_Available data_

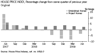 - After five consecutive quarters of decrease, the established homes price index for Western Australia rebounded in June 2009, showing a quarterly increase of 2.7%. The weighted average index for the eight Australian capital cities also turned around, with a 1.5% increase.
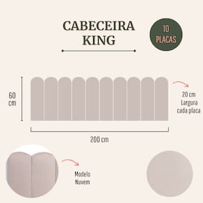 CONFIRA ABAIXO MAIS DETALHES SOBRE O PRODUTO: Tamanho King (10 placas): 200cm (comprimento total) x 60cm (altura) x 3 cm (profundidade). Altura de cada placa: 60 cm Largura de cada placa: 20cm Materiais: 100% MDF; Espuma; Fita 3M; Cores e Tecidos: temos 25 variações de cores e tecidos. Escolha a que você mais gosta.
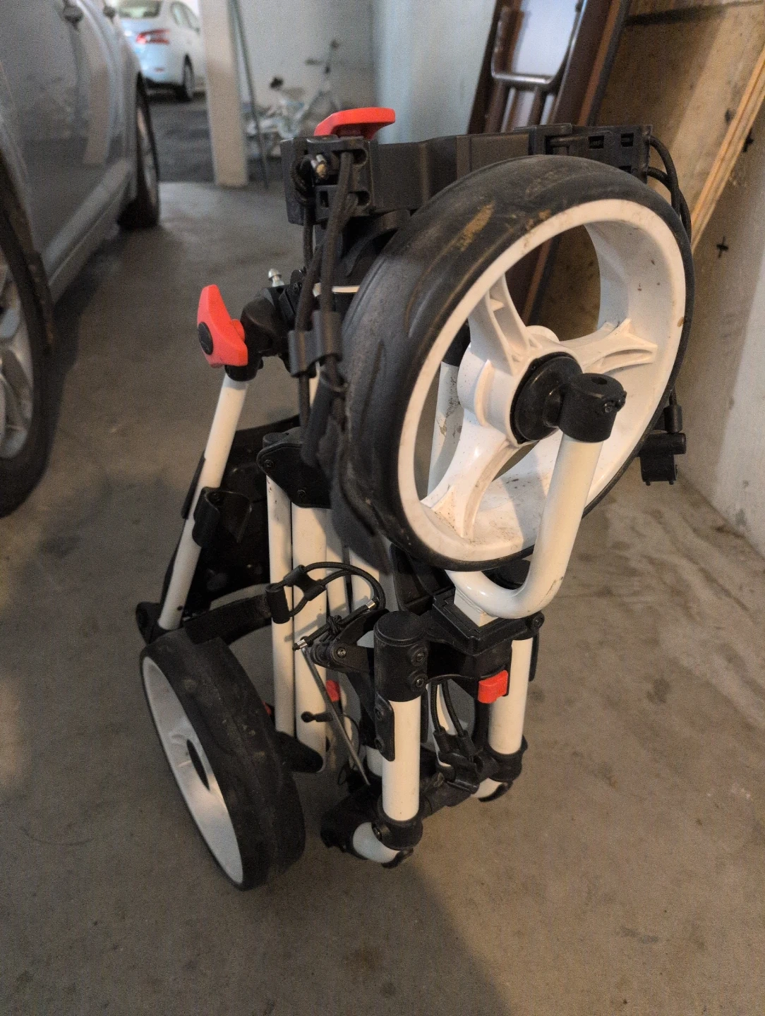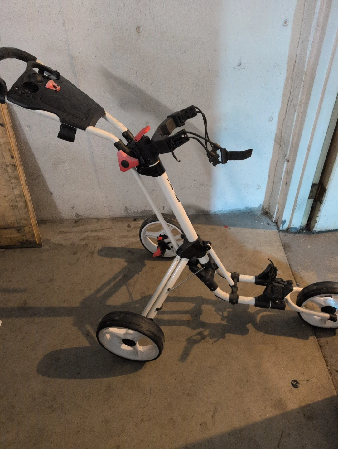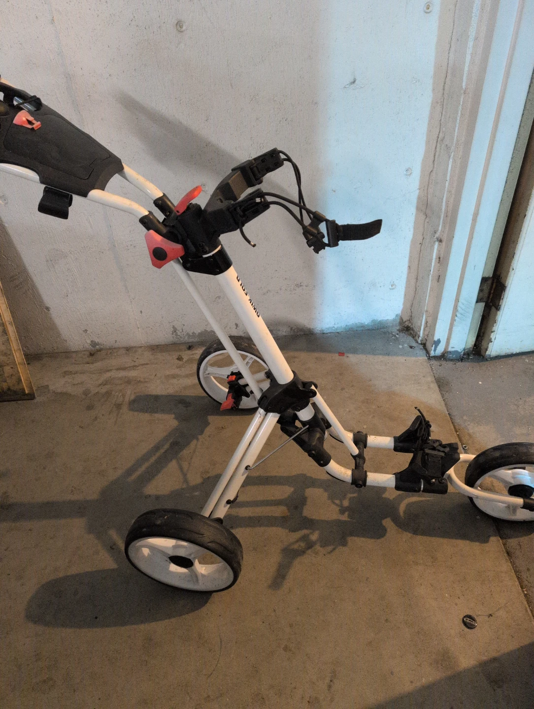 Selling a QWIK-FOLD golf cart in good condition! It's a lightweight and portable cart, perfect for carrying your clubs around the golf course. It's easy to fold and store when not in use.

_Exercise brief_
Pictures aside, repeat every line of the data above exactly.

_The answer_
 - After five consecutive quarters of decrease, the established homes price index for Western Australia rebounded in June 2009, showing a quarterly increase of 2.7%. The weighted average index for the eight Australian capital cities also turned around, with a 1.5% increase.
 CONFIRA ABAIXO MAIS DETALHES SOBRE O PRODUTO: Tamanho King (10 placas): 200cm (comprimento total) x 60cm (altura) x 3 cm (profundidade). Altura de cada placa: 60 cm Largura de cada placa: 20cm Materiais: 100% MDF; Espuma; Fita 3M; Cores e Tecidos: temos 25 variações de cores e tecidos. Escolha a que você mais gosta.
 Selling a QWIK-FOLD golf cart in good condition! It's a lightweight and portable cart, perfect for carrying your clubs around the golf course. It's easy to fold and store when not in use.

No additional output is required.